▸ **PROBLEM DETAILS**: Leaving the pictures aside, reproduce the data in full and word for word.

++++ DATA SEGMENT

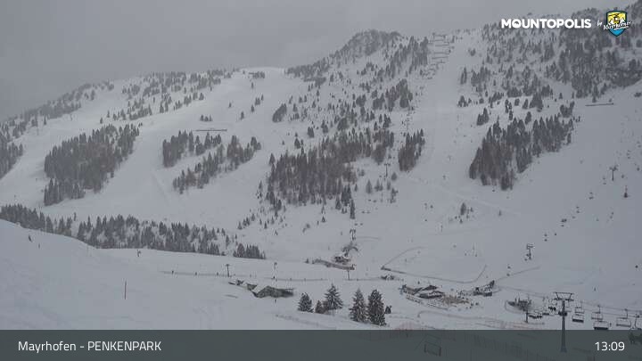 Hier blickst du auf den Vans Penken Park sowie den Sun-Jet Lift im Skigebiet Mayrhofen.
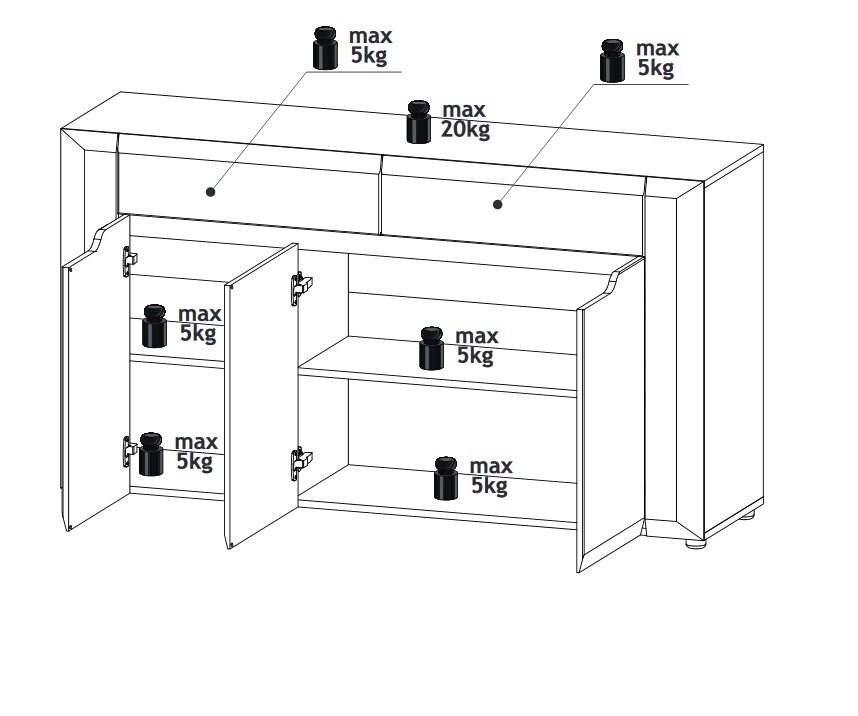 | Komodos tipas | Su stalčiais ir durelėmis |
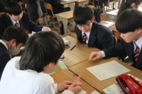 「表現集の言葉を使って鑑賞文を書き、美術作品のよさを伝えよう」というジャンプ課題に取り組んでいました。単元で学習したことをアウトプットしていく活動です。
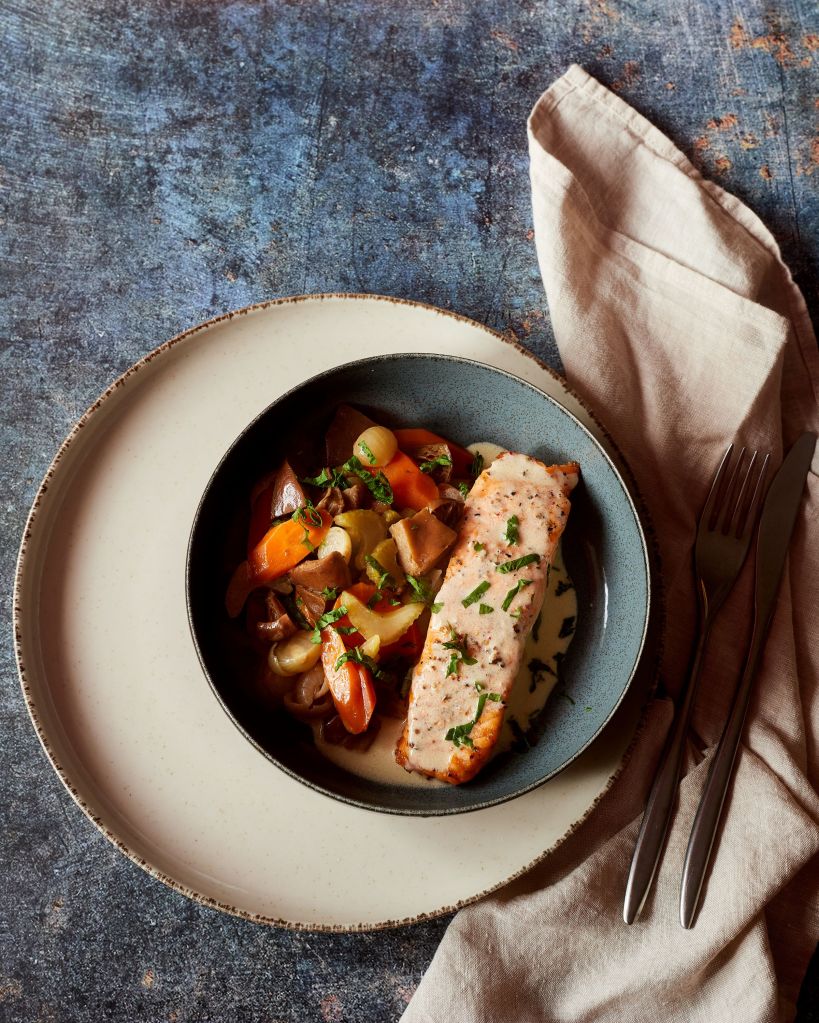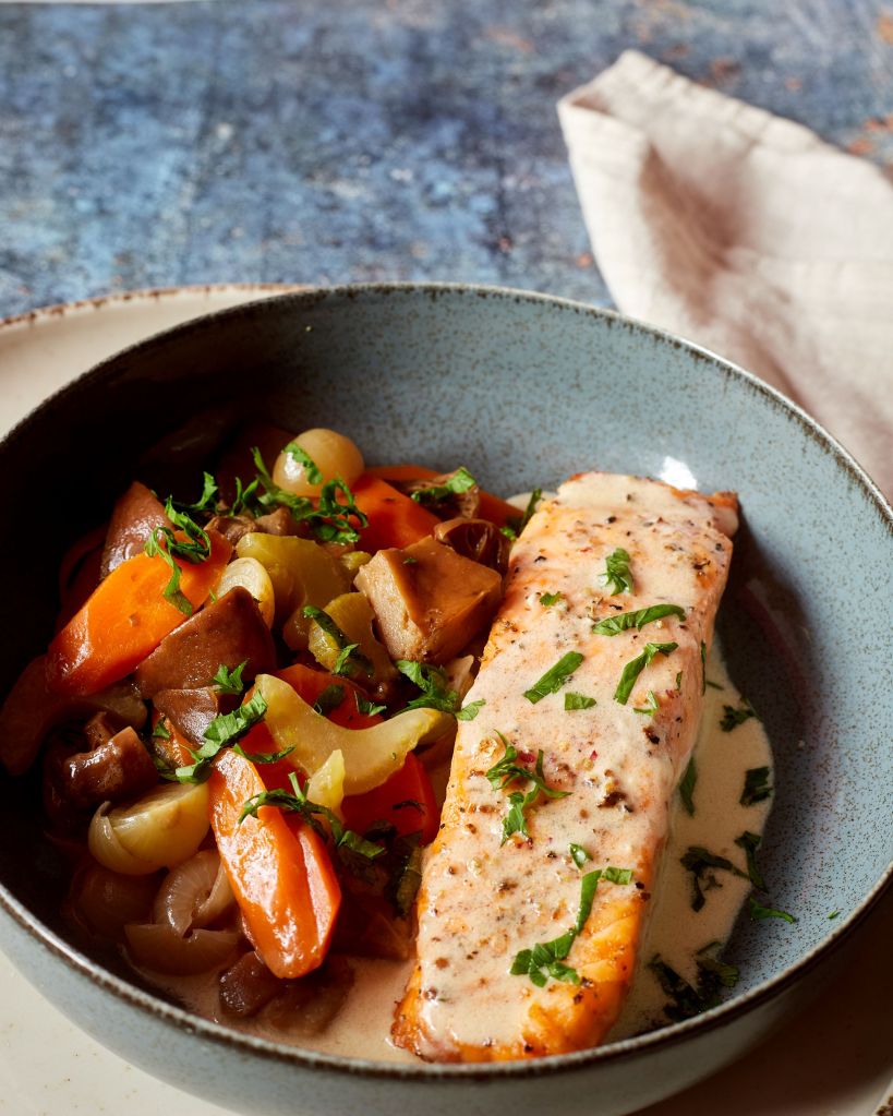 Загрейте 1 с.л. масло в тиган с дебело дъно на средна степен на котлона и добавете арпаджика. Задушете за 2 – 3 минути и добавете морковите (след бланширане). Гответе още 2 – 3 минути и добавете селъри. Разбъркайте, посолете и добавете останалото масло. След като се разтопи, добавете гъбите и захлупете. Гответе около 5 минути и открийте, разбъркайте и добавете сметаната. Оставете на котлона още около 2 минути преди да изключите. Похлупете и дръжте топло до сервиране.

++++++++

▸ **RESPONSE TO THIS EXERCISE**:
 Hier blickst du auf den Vans Penken Park sowie den Sun-Jet Lift im Skigebiet Mayrhofen.
 | Komodos tipas | Su stalčiais ir durelėmis |
 「表現集の言葉を使って鑑賞文を書き、美術作品のよさを伝えよう」というジャンプ課題に取り組んでいました。単元で学習したことをアウトプットしていく活動です。
 Загрейте 1 с.л. масло в тиган с дебело дъно на средна степен на котлона и добавете арпаджика. Задушете за 2 – 3 минути и добавете морковите (след бланширане). Гответе още 2 – 3 минути и добавете селъри. Разбъркайте, посолете и добавете останалото масло. След като се разтопи, добавете гъбите и захлупете. Гответе около 5 минути и открийте, разбъркайте и добавете сметаната. Оставете на котлона още около 2 минути преди да изключите. Похлупете и дръжте топло до сервиране.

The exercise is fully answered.